Exclude pictures and give again exactly the lines of the listing, beginning with its first line and ending with the one that contains "Pooneh Oshidari , Home-Land".

- DATA EXCERPT:
'''
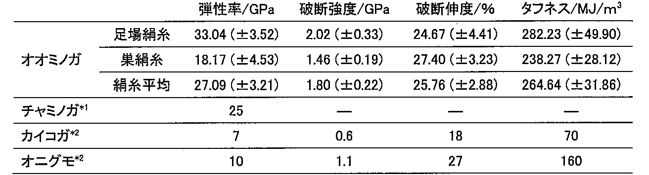算出された各力学特性値を表2に示す。この表では、対照用として参考文献から引用したチャミノガ由来のミノムシ絹糸、カイコガ由来のカイコ絹糸、及びオニグモ由来のクモ糸における力学特性値を示している。対照用の各力学特性値の算出方法は、本実施形態の各力学特性値の算出条件と同じである。
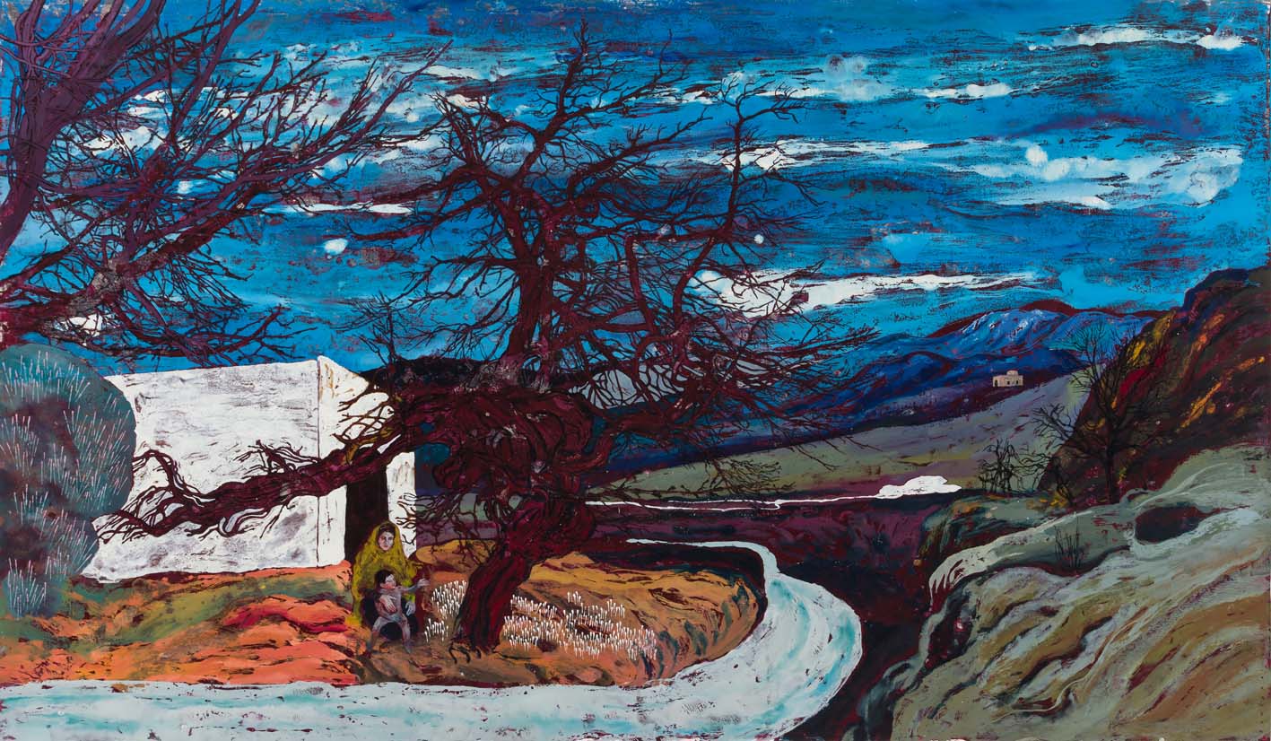 Pooneh Oshidari , Home-Land series, Espakhou Temple, 2021, relief ink on paper, 105 x 180 cm
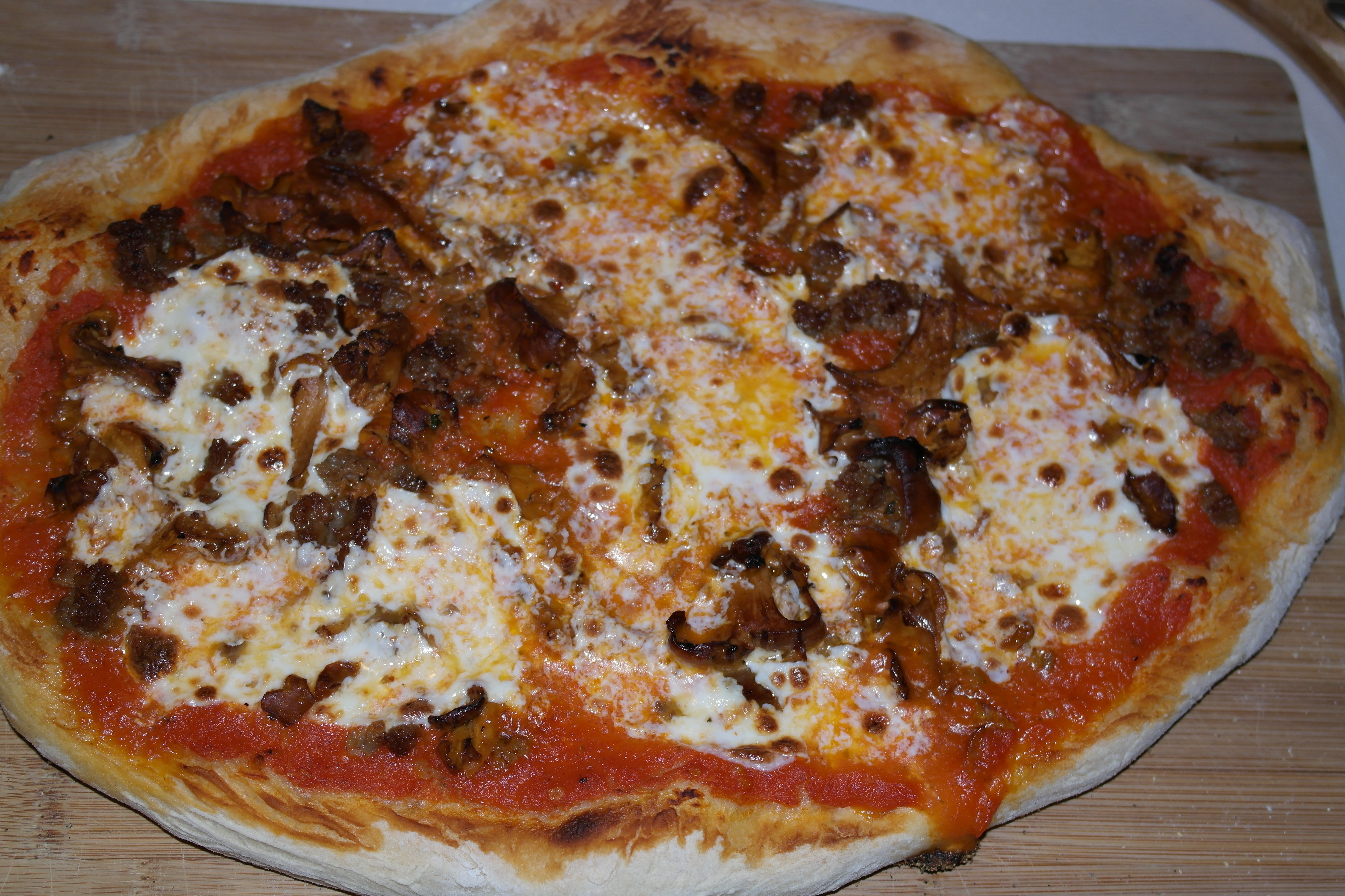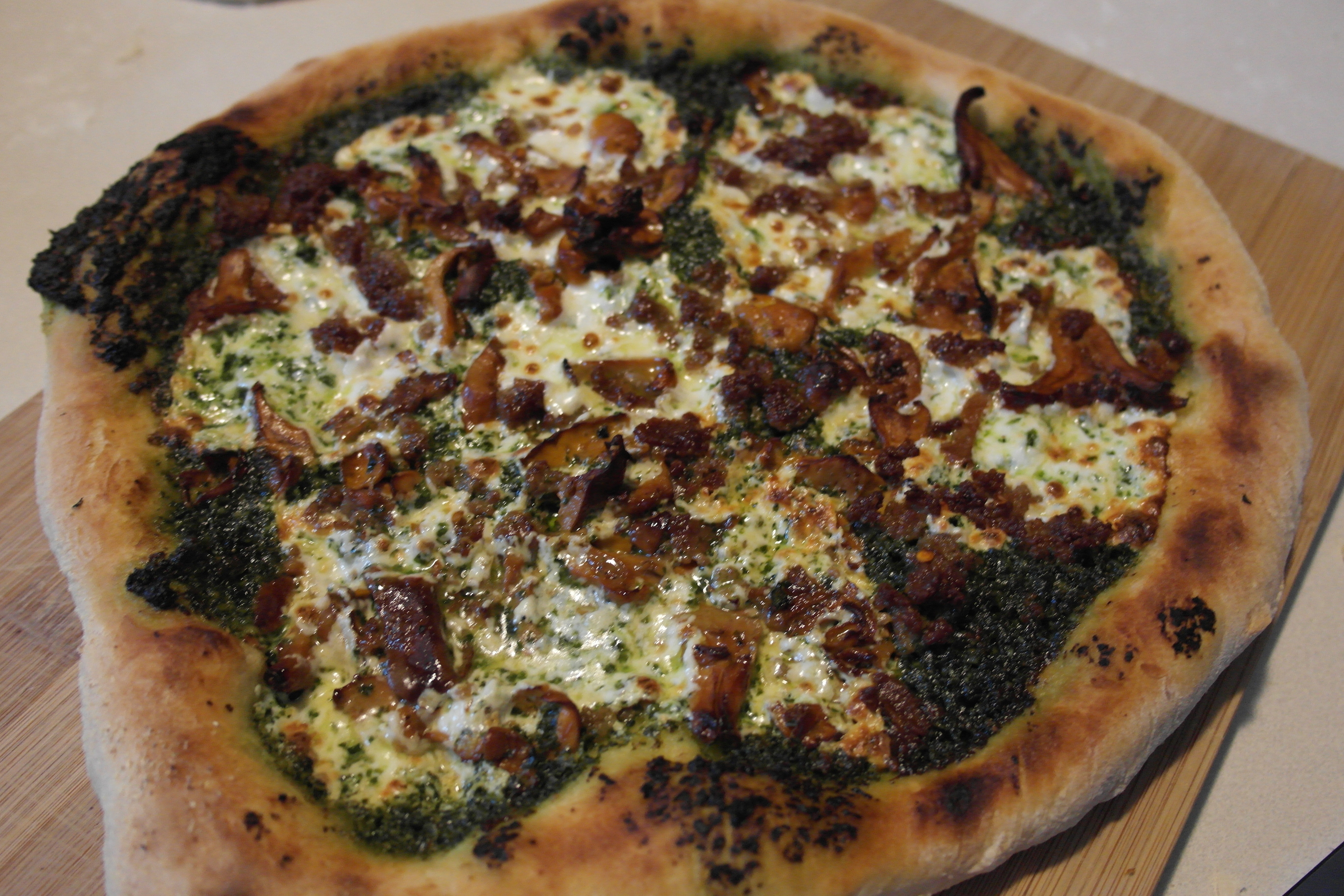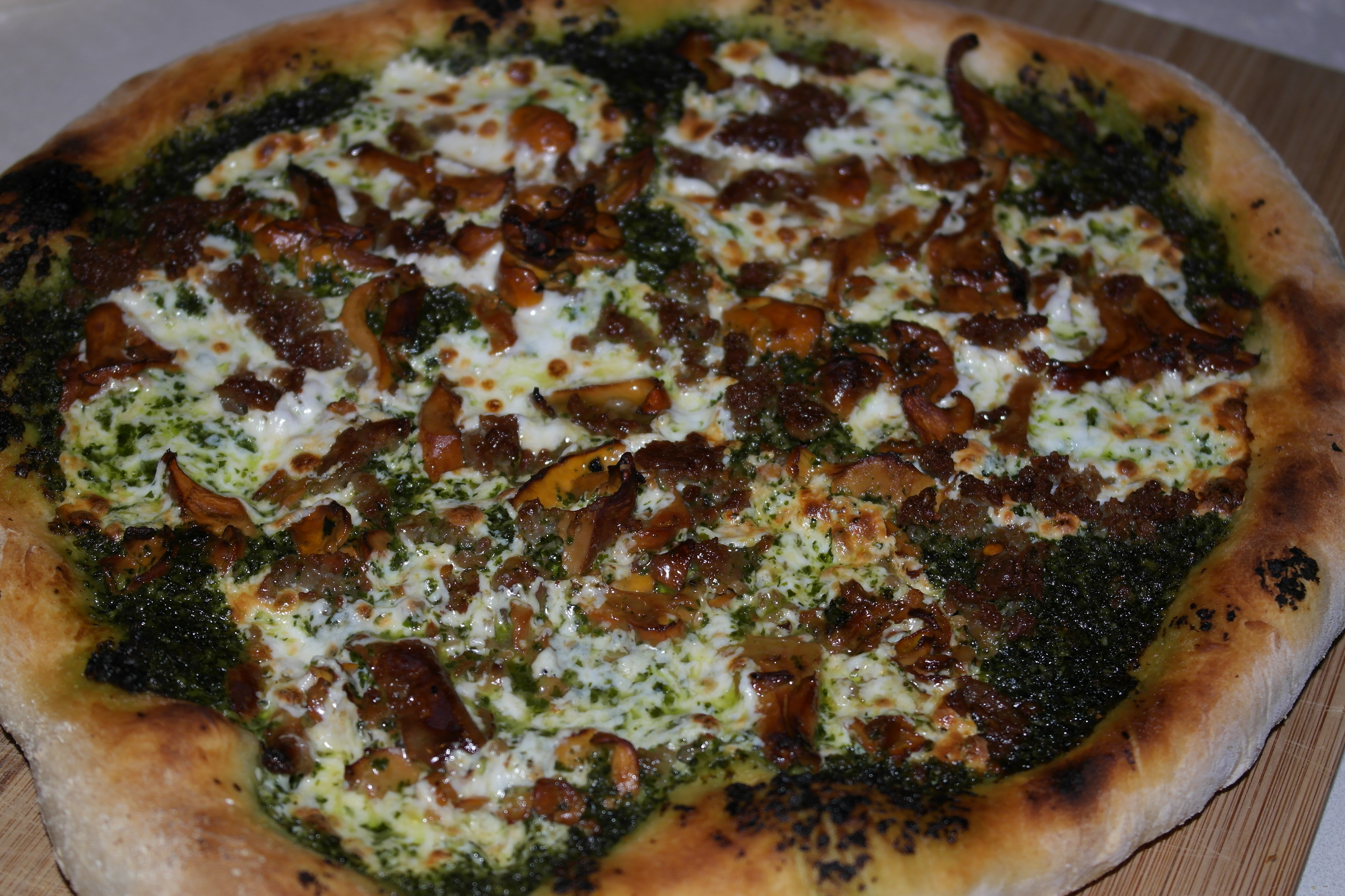 The chanterelle mushrooms were cooked with garlic, salt and sausage fat after cleaning and being chopped into bite size pieces. The chanterelles and sausage went on both pizza styles and the only variable was the sauce type. Each pie was constructed with sauce, fresh mozzarella cheese, mushrooms and sausage chunks.
'''
- OUTPUT BELOW:
算出された各力学特性値を表2に示す。この表では、対照用として参考文献から引用したチャミノガ由来のミノムシ絹糸、カイコガ由来のカイコ絹糸、及びオニグモ由来のクモ糸における力学特性値を示している。対照用の各力学特性値の算出方法は、本実施形態の各力学特性値の算出条件と同じである。
 Pooneh Oshidari , Home-Land series, Espakhou Temple, 2021, relief ink on paper, 105 x 180 cm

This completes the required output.